When switching from UDP to TCP, it is then not enough to change the protocol
number in the layer 3, this internal checksum offset value also needs to be
updated. If I’m not mistaken, today, it is not possible to update it directly
with eBPF. A proper solution is certainly to add a new eBPF helper, but that
would only work with newer kernels, or eventually with a custom module. Instead,
a workaround has been found: chain the eBPF TC egress hook with a TC ACT_CSUM
action when the packet is translated from TCP to UDP. This csum
action triggers a
software checksum recalculation of the specified packet headers. In other words
and in our case, it is used to compute the rest of the checksum for a given
protocol (UDP), and mark the checksum as computed (CHECKSUM_NONE
). This last
step is important, because even if it is possible to compute the full checksum
with eBPF code like we did at some point, it is wrong to do so if we cannot
change the CHECKSUM_PARTIAL
flag which expect a later stage to update a
checksum at a (wrong) offset with the rest of the data.

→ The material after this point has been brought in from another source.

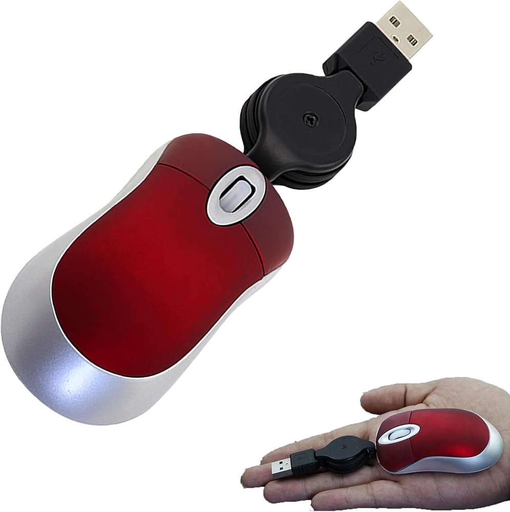 The Mini Retractable Mouse is a 1600 DPI optical USB cable mouse designed for small children with comfort and precision without having to deal with the delayed connection between the mouse and the computer

So with a combination of both TC ACT_CSUM
and eBPF, it is possible to get the
right checksum after having modified the layer 4 protocol.
MTU/MSS
This is not linked to the highly optimised Linux network stack, but, on the wire, the packets will be in UDP and not TCP. It means that some operations like the dynamic adaptation of the MSS (TCP Maximum Segment Size) – aka MSS clamping – will have no effects here. Many mobile networks uses encapsulation without jumbo frames, meaning that the maximum size is lower than 1500 bytes. For performance reasons, and not to have to deal with this, it is important to avoid IP fragmentation. In other words, it might be required to adapt the interface Maximum Transmission Unit (MTU), or the MTU / MSS per destination.
Conclusion
In conclusion, this new eBPF program can be easily deployed on both the client and server sides to circumvent middleboxes that are still blocking MPTCP or other protocols. All you might still need to do is to modify the destination port which is currently hardcoded.
Acknowledgments
Thanks to Xpedite Technologies for having supported this work, and in particular Chester for his help investigating the checksum issues with real hardware. Also thanks to Nickz from the eBPF.io community for his support while working on these checksum issues.